** Excerpted data follows **
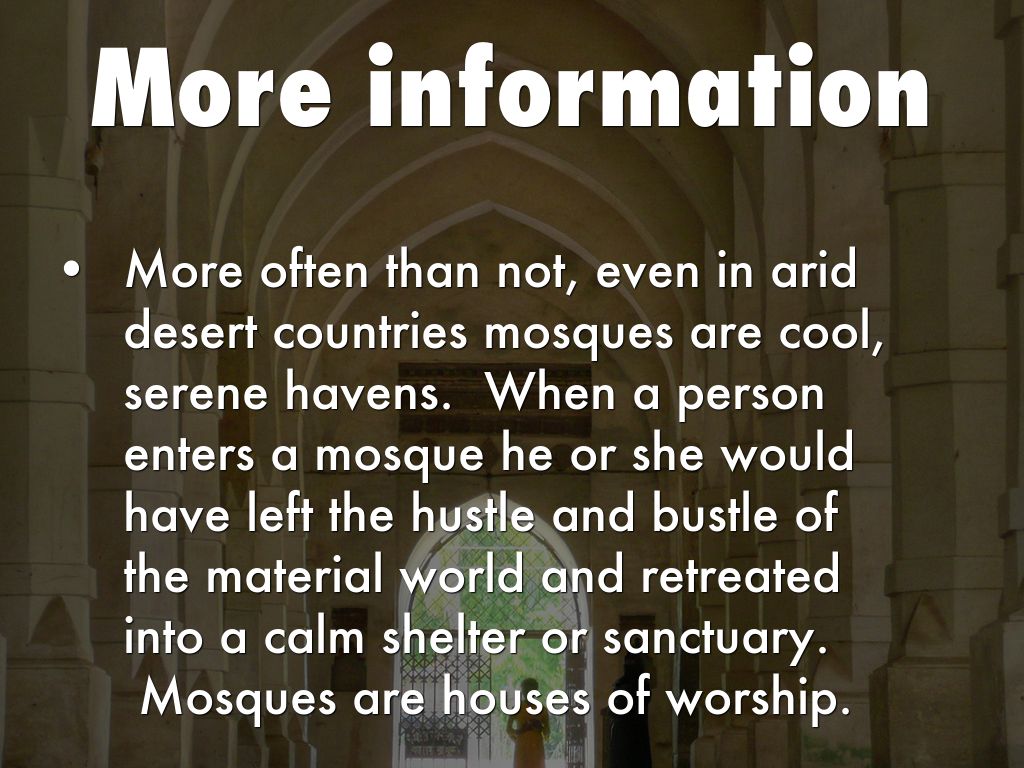 More often than not, even in arid desert countries mosques are cool, serene havens. When a person enters a mosque he or she would have left the hustle and bustle of the material world and retreated into a calm shelter or sanctuary. Mosques are houses of worship.
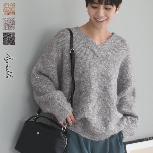 ⇒ふんわりやわらか 品よく華やぐラメニット/Agreable アグレアーブル
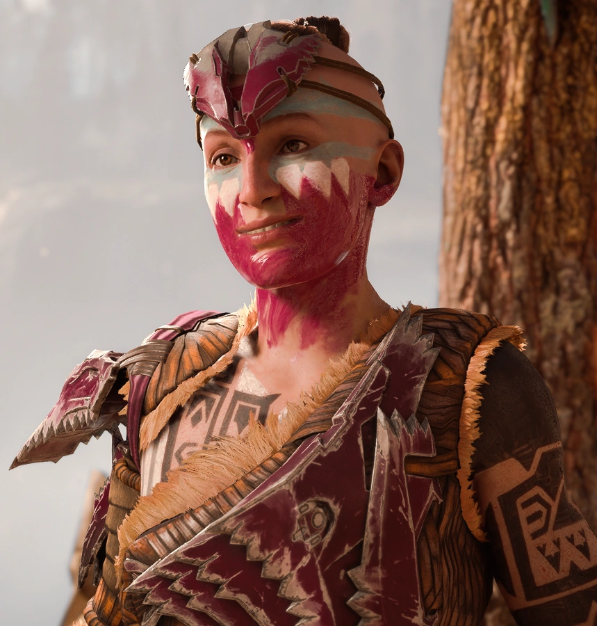 Kivva is the leader of the Ram Squad with Ezekko and Pivallo as her squad members. In defiance of Tekotteh's orders, they accompanied Marshal Kotallo to the Embassy. There they witnessed Aloy defeat Regalla's champion, with Kivva gambling that Aloy would emerge victor.[1]
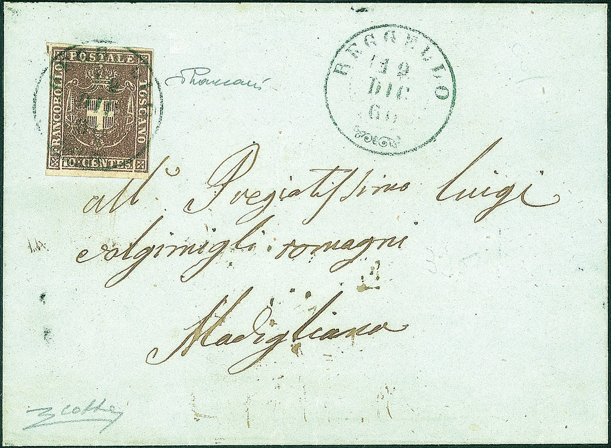 Antichi Stati Italiani - Toscana - Governo Provvisorio - Reggello (doppio cerchio medio azzurro P.ti R1) su 10 cent bruno (19)Ripetuto a lato su lettera per Modigliana del 19.12.60 - molto bella - Vaccari + cert. Colla
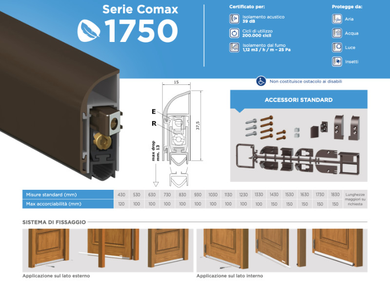 Comaglio 1750 Comax Series is the automatic draught excluder with a patented system that can be fixed with screws.
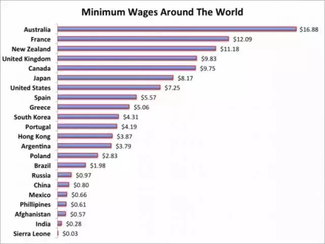 根据ConvergEx集团发布最新报告显示,以绝对值来看,澳洲时薪达到16.88美元,高于美国的7.25美元,领先世界主要国家,高居榜首。你的工资时薪是多少?
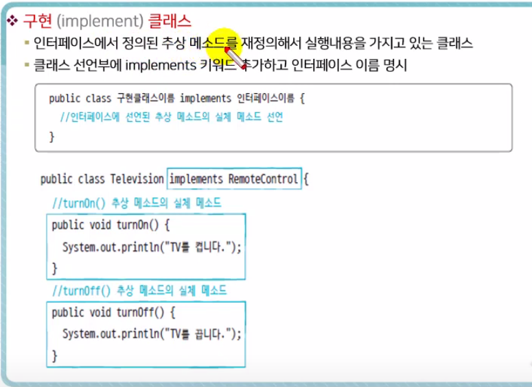 // turnOn() 추상메서드의 실체메서드인 turnOn() 메서드 선언
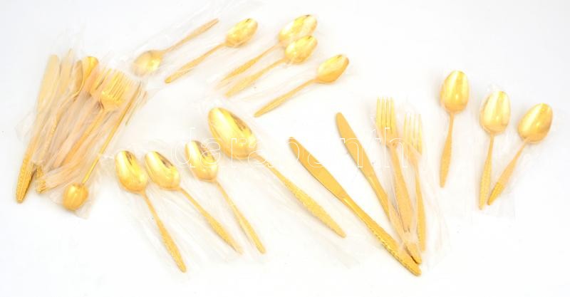 Leírás: 27 darabos aranyozott fém evőeszköz készlet. 4 személyes, bontatlan csomagolásban, eredeti dobozzal
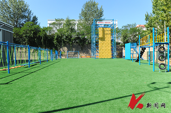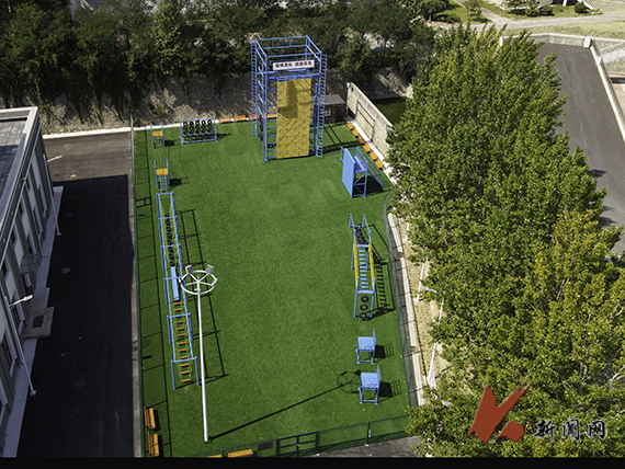 素质拓展基地占地1700㎡,实行封闭管理,必须在专职教师(教练)的指导与保护之下进行四面体、毕业墙、飞夺泸定桥、轮胎破、荡木组合、背摔台、模拟电网等项目练习。
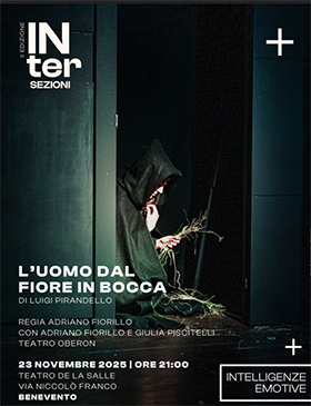 Domenica, 23 novembre, alle 21.00, al Teatro de La Salle di Benevento, si comincerà con "L'uomo dal fiore in bocca" di Luigi Pirandello, per la regia di Adriano Fiorillo, con Adriano Fiorillo e Giulia Piscitelli, una produzione Teatro Oberon Napoli.
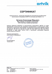 Сертификат обучения в компании Artvik Inc.
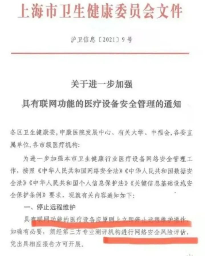 而从上海卫健委发布的文件来看,此事或非捕风捉影。文件明确要求有关部门做好医疗设备安全管理。目前在国内一些信息安全问题上,保持些警惕心理并不为过,无论从医学伦理上,还是数据安全角度上,信息安全是关乎国家安全层面的大问题。
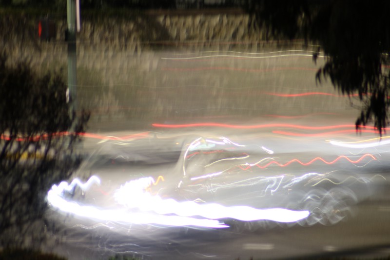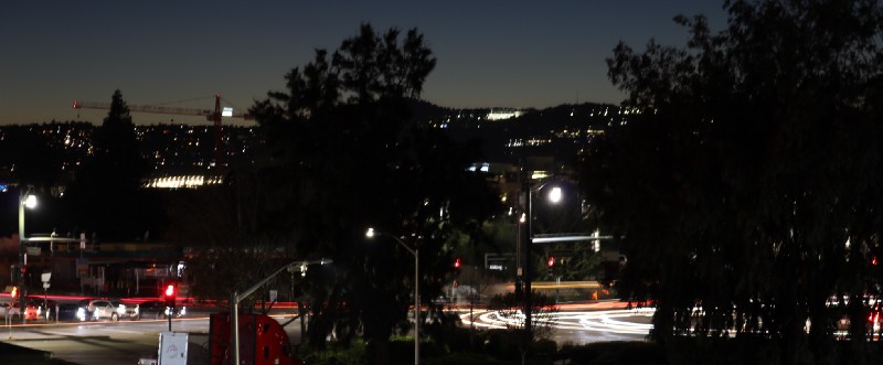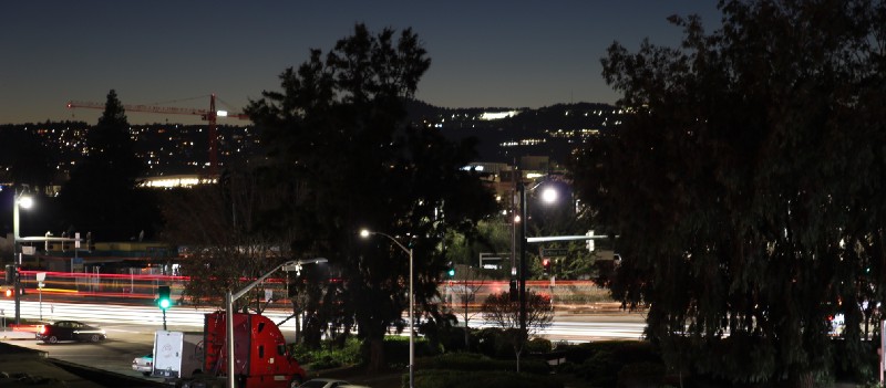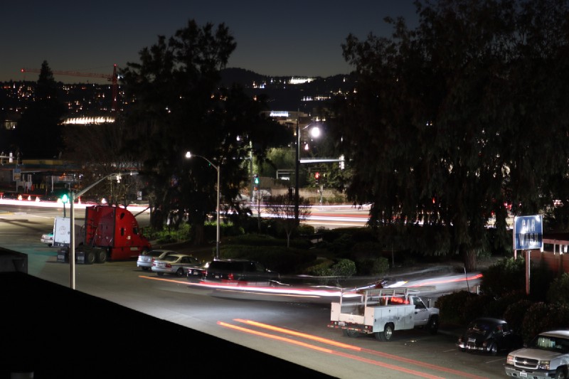 The pictures above zoomed in on a very small part of the traffic intersection. I originally started clicking the long exposure shots of this intersection, without any zoom. The streaks of light seem to have a life of their own, especially when contextualized within an environment of stationary objects: trees, street lights, parked cars and trucks, cranes and hills.
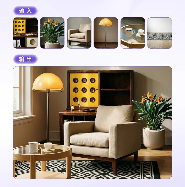 其还辅助多主体一致性:最多辅助9图合影、电影海报及产物组合图,可保持作风与特征的调治。
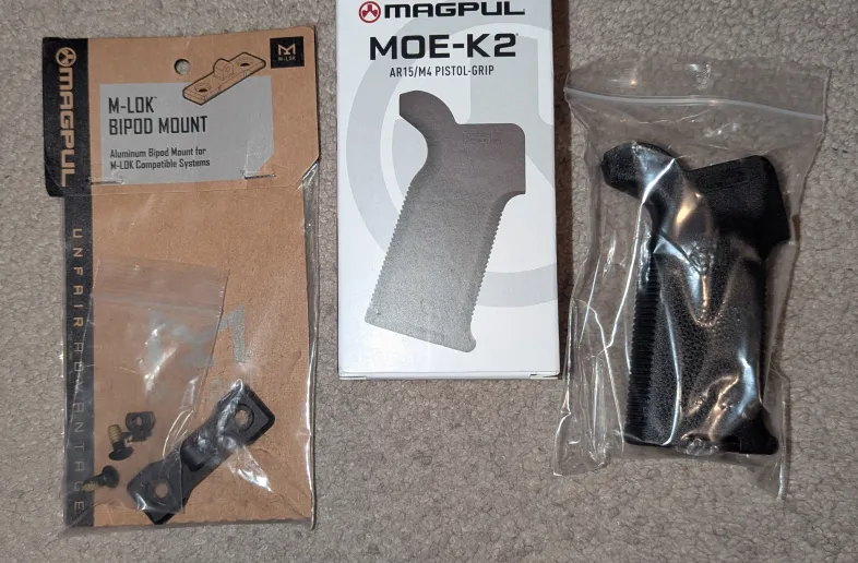 Brand new magpul k2 grip, mlok bipod Mount and 3d printed mlok AFG
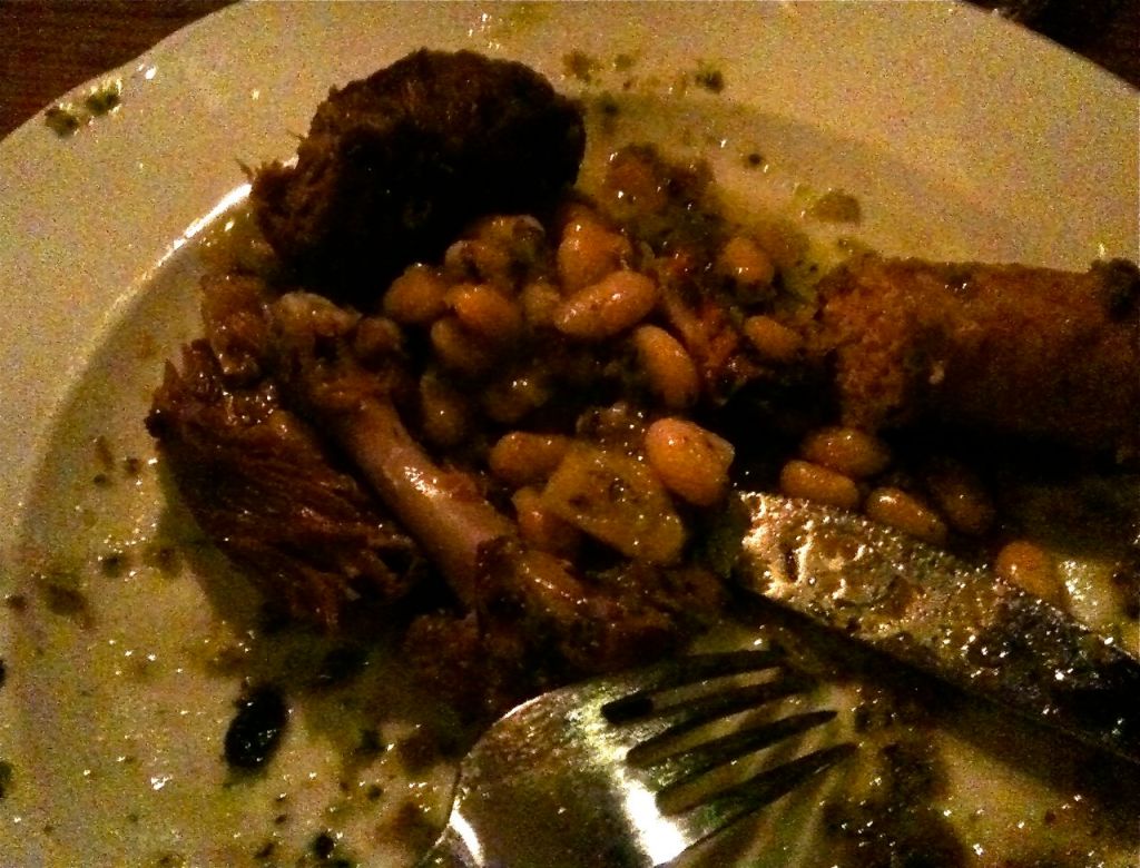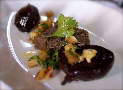 Varmrätten var ett perfekt tillagat ankbröst på en broccolipuré med fint balanserad sälta och väl utvecklad smak av broccolin. Till det serverades ett savoykålsknyte fylld med ankrillette och ett potatisstomp med en fin syrlighet av citron. På det lilla knytet, som var en perfekt liten rätt i sig, låg en bit halstrad anklever som smälte bara jag tittade på den. Allt var mycket, mycket välbalanserat. Enda plumpen var ett pulver (!) på ankfett, fullständigt överflödigt och obegripligt. Vinet tappade all karaktär, blev eldigt och försvann. Provade istället rieslingen som kom till sin rätt och blev fruktigt och syran balanserades vackert mot den lilla syran i moset och skyn.
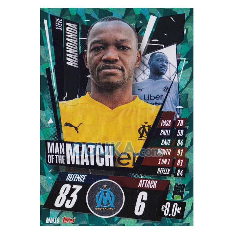 NUKOU寄售 2020-2021 Topps UEFA Champions League UEFACL Match Attax Football Soccer Card #MM19 Steve Mandanda Olympique Marseill Man of the Match欧冠球星卡 曼丹达 马赛 MOTM MOM 发布相似商品
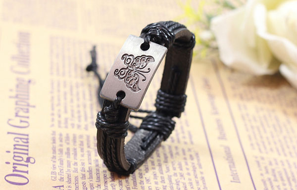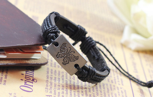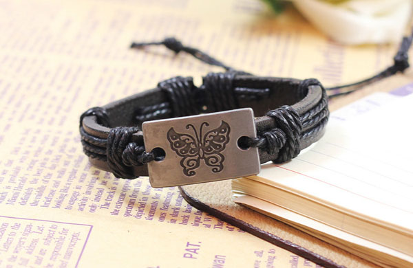 Metal Butterfly PU Leather Bracelet
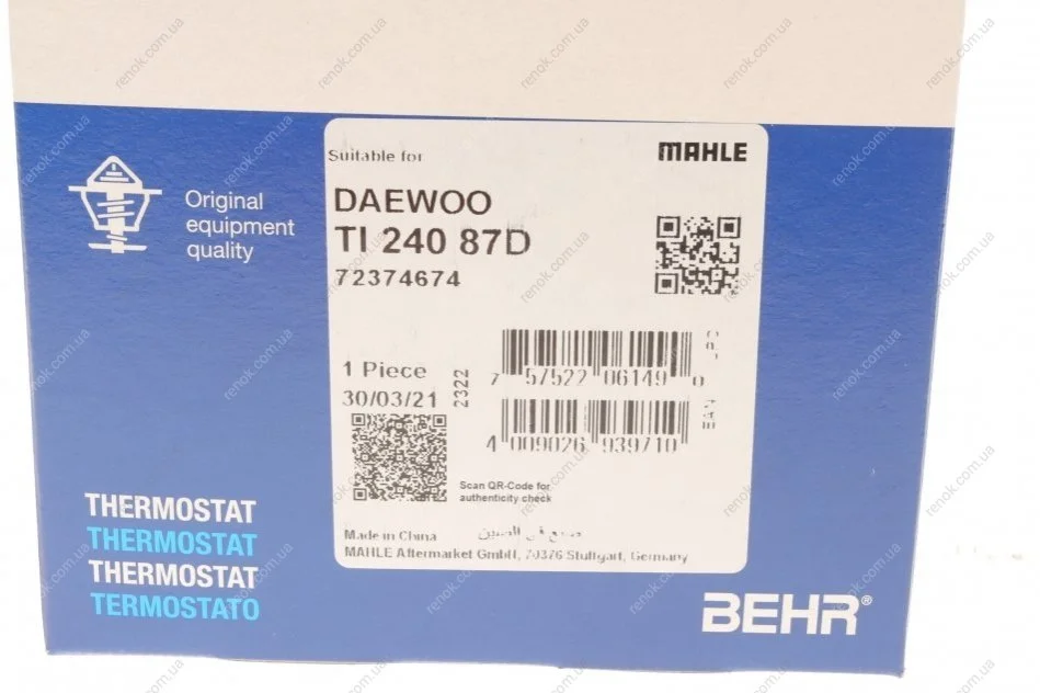 Термостат Chevrolet Aveo/Daewoo Lanos/Nubira 1.4/1.6 (87°C) MAHLE / KNECHT TI 240 87 D (96460002)
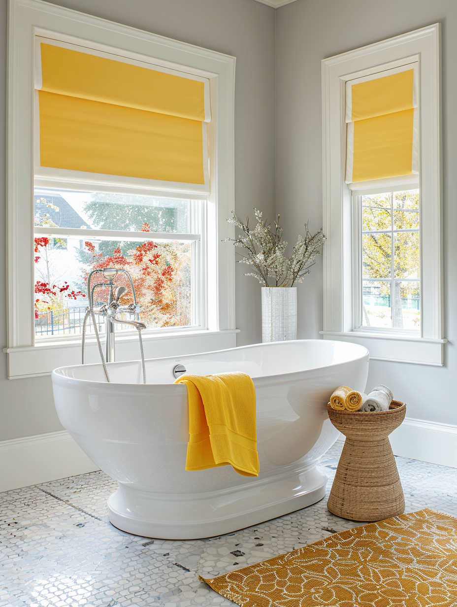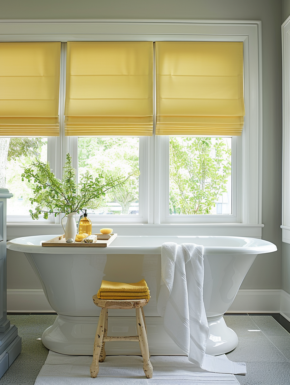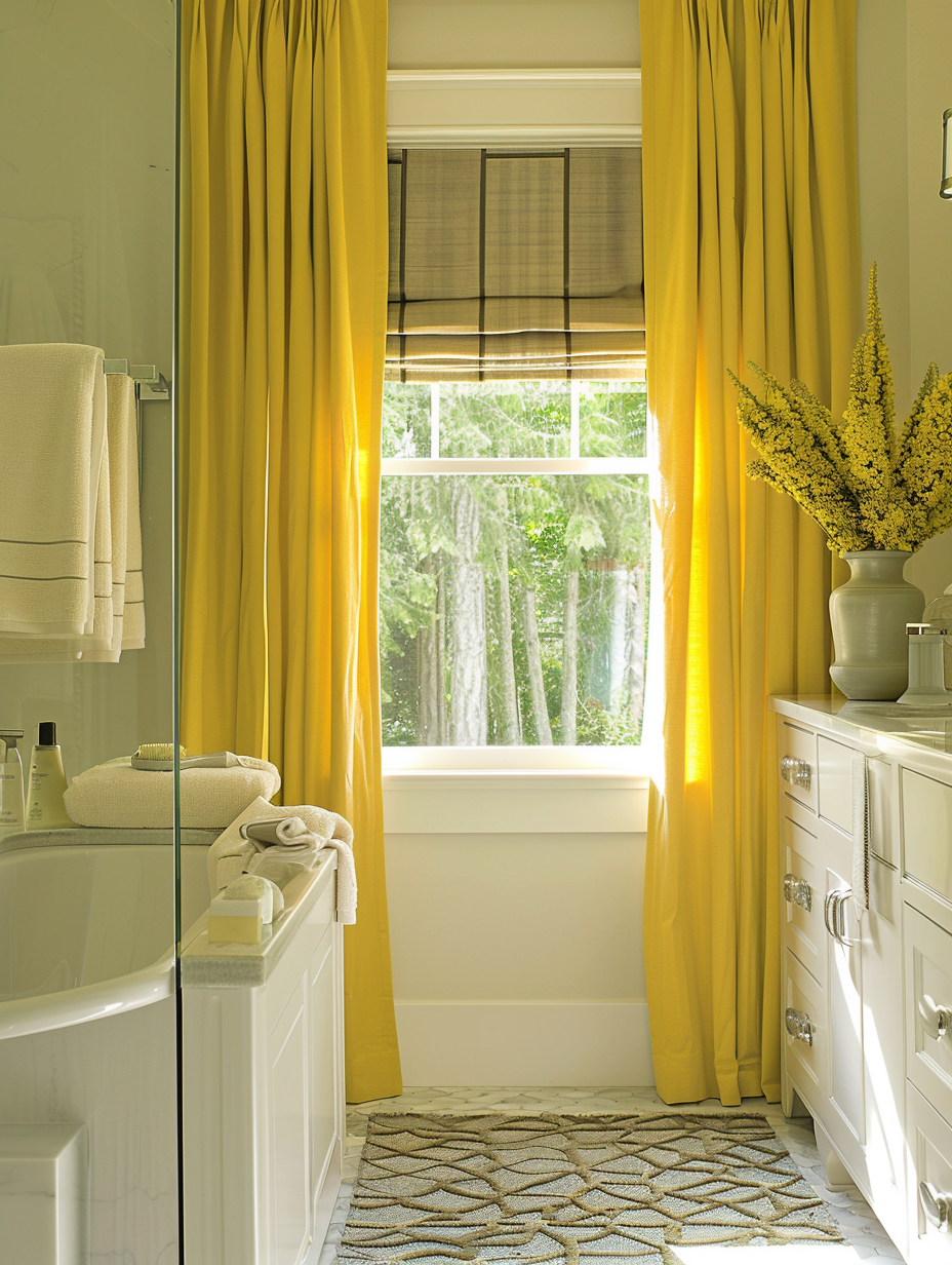 Bright yellow window treatments can create a sunny and cozy feeling in your bathroom. Seek out curtains or shades that work well with your whole setup and complement them with other accessories of the same color to bring the decor together. This will flood your room with natural light and a gleefully positive mood.
** End of Excerpted data **
Your assignment.
Starting at the line containing "根据ConvergEx集团发" and stopping at the line containing "而从上海卫健委发布的文件来看", output each line exactly as it appears above. Leave out the pictures.

Task result.
 根据ConvergEx集团发布最新报告显示,以绝对值来看,澳洲时薪达到16.88美元,高于美国的7.25美元,领先世界主要国家,高居榜首。你的工资时薪是多少?
 // turnOn() 추상메서드의 실체메서드인 turnOn() 메서드 선언
 Leírás: 27 darabos aranyozott fém evőeszköz készlet. 4 személyes, bontatlan csomagolásban, eredeti dobozzal
 素质拓展基地占地1700㎡,实行封闭管理,必须在专职教师(教练)的指导与保护之下进行四面体、毕业墙、飞夺泸定桥、轮胎破、荡木组合、背摔台、模拟电网等项目练习。
 Domenica, 23 novembre, alle 21.00, al Teatro de La Salle di Benevento, si comincerà con "L'uomo dal fiore in bocca" di Luigi Pirandello, per la regia di Adriano Fiorillo, con Adriano Fiorillo e Giulia Piscitelli, una produzione Teatro Oberon Napoli.
 Сертификат обучения в компании Artvik Inc.
 而从上海卫健委发布的文件来看,此事或非捕风捉影。文件明确要求有关部门做好医疗设备安全管理。目前在国内一些信息安全问题上,保持些警惕心理并不为过,无论从医学伦理上,还是数据安全角度上,信息安全是关乎国家安全层面的大问题。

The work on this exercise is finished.